Halloween is the season for spookiness. People turn their front yards into fake graveyards, hang plastic skeletons in trees, and carve grotesque faces into pumpkins.
A haunted corn maze would get a lot of delighted visitors.In a recent scarecrow contents in a local park, a dog walker walked skeleton dogs.
This horror decorating can be a way to channel our fears. We live in times fraught with true terror, be it events in the Middle East or in our own country.
On October 25, that terror, true terror, not made up fake terror, hit the small city of Lewiston, Maine. That evening there was a horrendous double mass shooting (18 innocents died in two locations) at the hands (and gun) of a 40 year old man. It was followed by nearly 48 hours of lockdown for residents until it was established that the shooter had taken his own life.
As someone who worked in a community that experienced a mass shooting in 2009 I feel a connection of sorts with each of these communities.
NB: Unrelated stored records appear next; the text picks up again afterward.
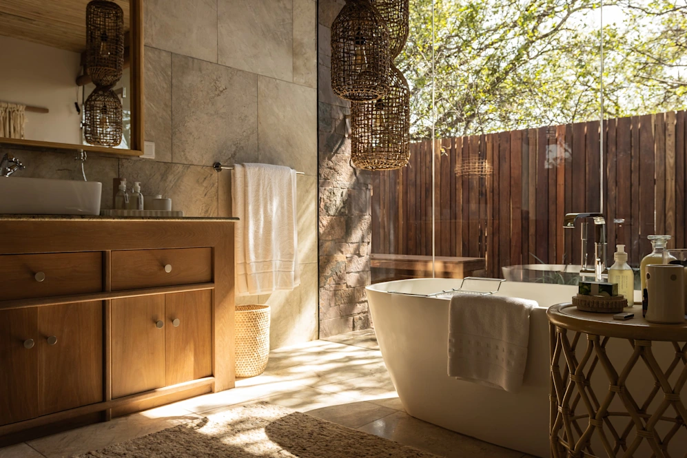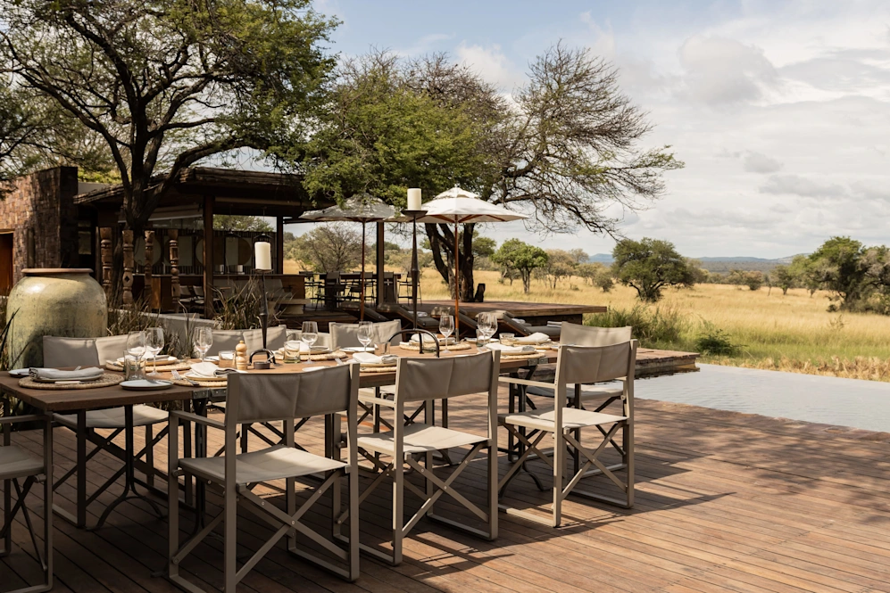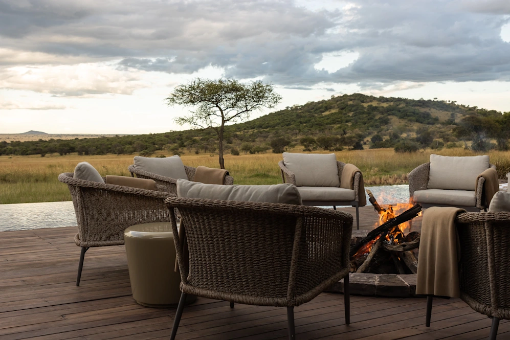 Serengeti House offers a full staff complement and private access to a pristine wilderness along the annual wildebeest migration route. It has four suites – each with generous bathrooms, outdoor showers, and private terraces – that share a central living space. Designed with connection and relaxation in mind, it embodies an inherent sense of homely comfort, while celebrating contemporary African design. Up to 8 guests can feel at home at Serengeti House, with 2 suites in the main house and 2 garden suites; and daily onsite staff and management.
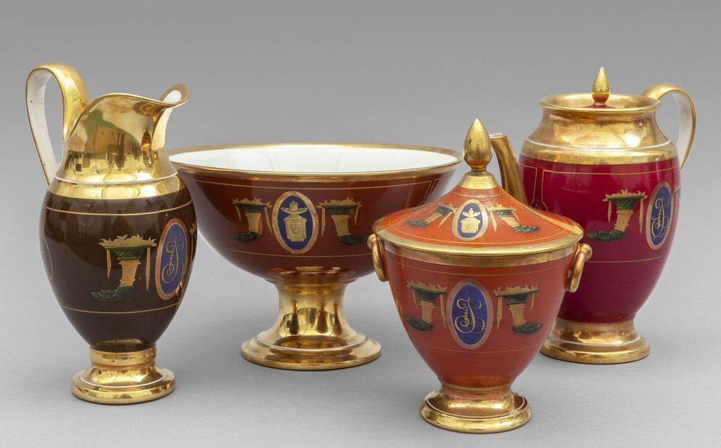Quattro pezzi da servizio Impero in porcellana policroma decorata in oro con cornucopie Francia sec.XIX
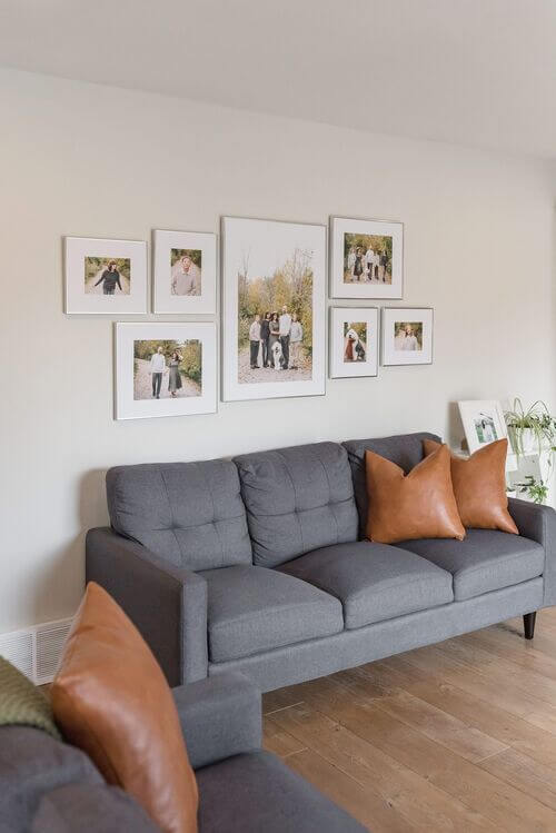 A simple black-frame gallery of adorable kid photos feels heartfelt, playful, and perfectly balanced above this soft sofa! Print in black and white or soft tones, arrange in a loose grid, and add a plant or lamp nearby—it’s the sweetest way to showcase your favorites.
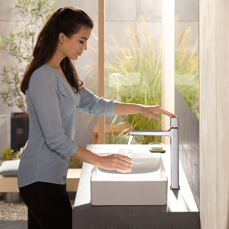 Welcome to the world of parallelism in the bathroom – thanks to hansgrohe. The high-quality Metropol faucet range impresses thanks to its precise, geometric design. In addition to its linear basic forms, Metropol also offers a variety of handles, spout heights and spout lengths. You then have a wealth of design possibilities at your disposal for the sink, bathtub and shower. The lavatory faucet with Select technology is controlled intuitively at the touch of a button, while the freestanding single-hole faucets for the sink and bathtub make an impressive design statement in the bathroom.

I also know that when the national news networks leave the scene, the community is left to deal with its grief.
Back in 2011, my spouse and I vacationed in Brunswick, Maine, which is about 20 miles from Lewiston. It was a beautiful, peaceful area.
The horror I felt on October 25 and the following days was mixed with the good memories I had of that area, including our walk across a bridge with a history tied to the city where I grew up.
I also think of Tampa and the Ybor City shooting of this weekend, a terrible end to a Halloween gathering. Thinking of Tampa also brings back memories of the two years I lived there years ago. Ybor City was where I discovered my beloved strawberry onions.
Gun violence. A national nightmare we aren't waking up from.
This Halloween we ask: Will this be our fate forevermore?